Task
The lines from the top of the material through the line with "1. 在【待机界面】向左滑动,如图1-1所示;" are to be set down exactly. Leave the pictures out.

Records shown
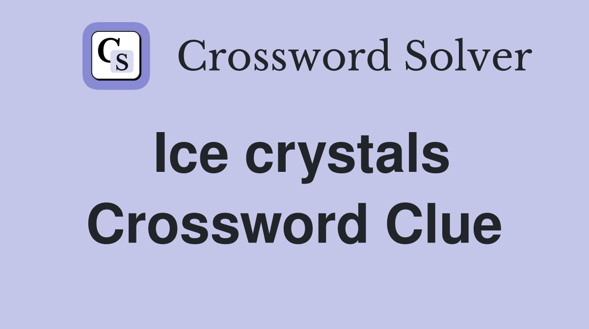 Web the crossword solver found 30 answers to ice crystals, 4 letters crossword clue. The crossword solver finds answers to classic. A further 3 clues may be related. If you haven't solved the. The top solutions are determined by popularity, ratings and frequency of searches.
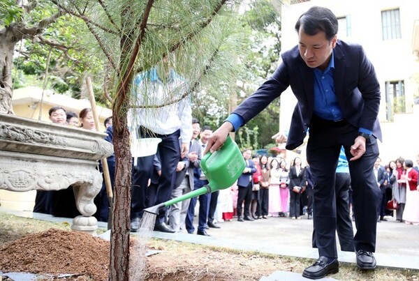 Đồng chí Bùi Quang Huy trồng cây trong khuôn viên cơ quan Trung ương Đoàn, hưởng ứng Tết trồng cây Xuân Ất Tỵ 2025. Ảnh: Lâm Đăng Hải
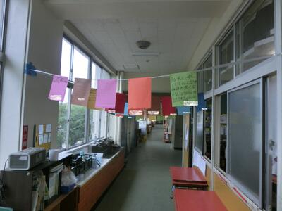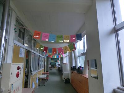 5年生の廊下は、すっかり運動会モードでした!素敵!旗には、それぞれの運動会に懸ける思いが綴られていました。
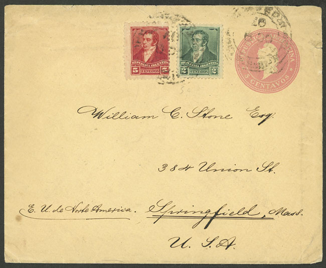 Stationery envelope (SOB-37) sent from Buenos Aires to USA on 9/OC/1897, uprated with 7c. (GJ.178 + 192 perf 12¼), arrival backstamp (Image)
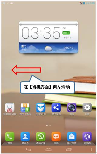 1. 在【待机界面】向左滑动,如图1-1所示;
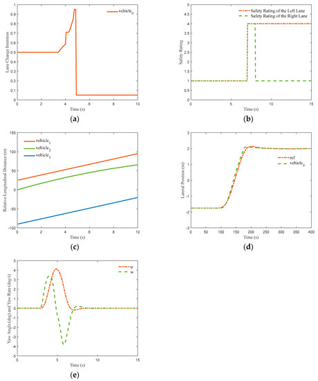 Simulation results for the constant speed lane change conditions. Simulation results for constant speed lane change conditions have been given as Figure 14. The subfigures (a–e) donate the change of intention, safety rating, relative longitudinal distance, lateral position and yaw angel and yaw rate, respectively.
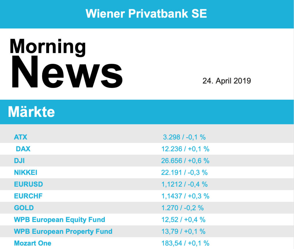 In Europa sind die Märkte vorbörslich etwas schwächer indiziert. Auch in Asien schliessen die Börsen mit leichten Verlusten. Von der Unternehmensseite gibt es in Österreich heute keine Meldungen. Von der Makroseite gibt es heute um 10 Uhr das IFO-Geschäftsklima in Deutschland.
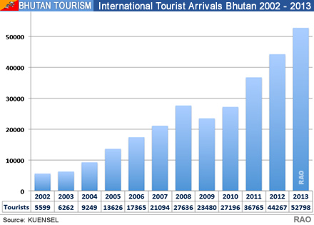 Japanese tourists surpassing American tourists in 2012 was mainly attributed to Their Majesties' visit to Japan in 2011, which generated "enormous" publicity, followed by Tourism Council of Bhutan's (TCB) follow-up promotions in Japan.
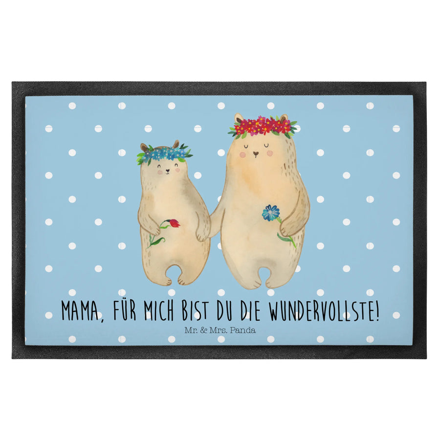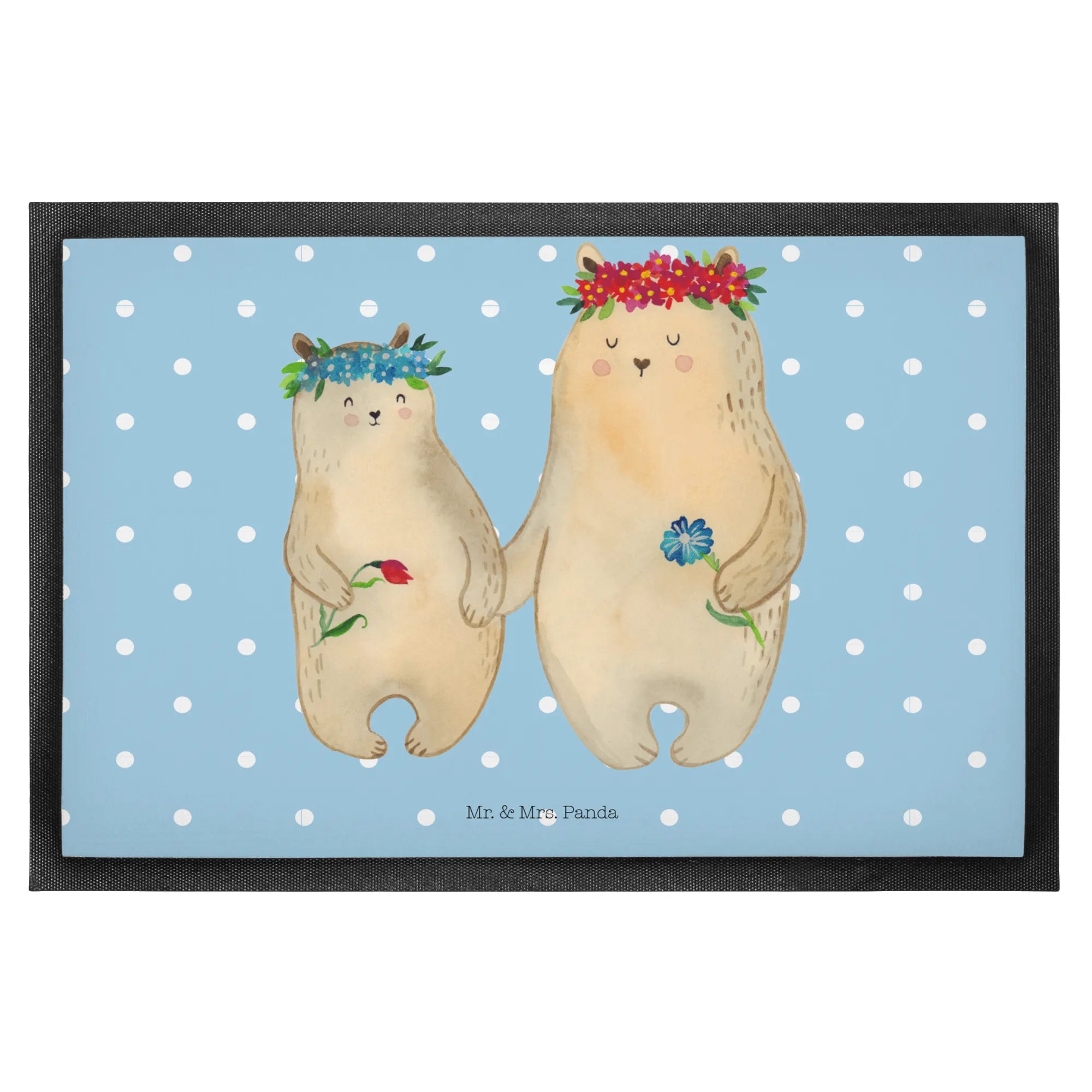 Fußmatte Bären mit Blumenkranz - 60 x 90 cm - mit Spruch - Blau Pastell

Solution to the problem
 Web the crossword solver found 30 answers to ice crystals, 4 letters crossword clue. The crossword solver finds answers to classic. A further 3 clues may be related. If you haven't solved the. The top solutions are determined by popularity, ratings and frequency of searches.
 Đồng chí Bùi Quang Huy trồng cây trong khuôn viên cơ quan Trung ương Đoàn, hưởng ứng Tết trồng cây Xuân Ất Tỵ 2025. Ảnh: Lâm Đăng Hải
 5年生の廊下は、すっかり運動会モードでした!素敵!旗には、それぞれの運動会に懸ける思いが綴られていました。
 Stationery envelope (SOB-37) sent from Buenos Aires to USA on 9/OC/1897, uprated with 7c. (GJ.178 + 192 perf 12¼), arrival backstamp (Image)
 1. 在【待机界面】向左滑动,如图1-1所示;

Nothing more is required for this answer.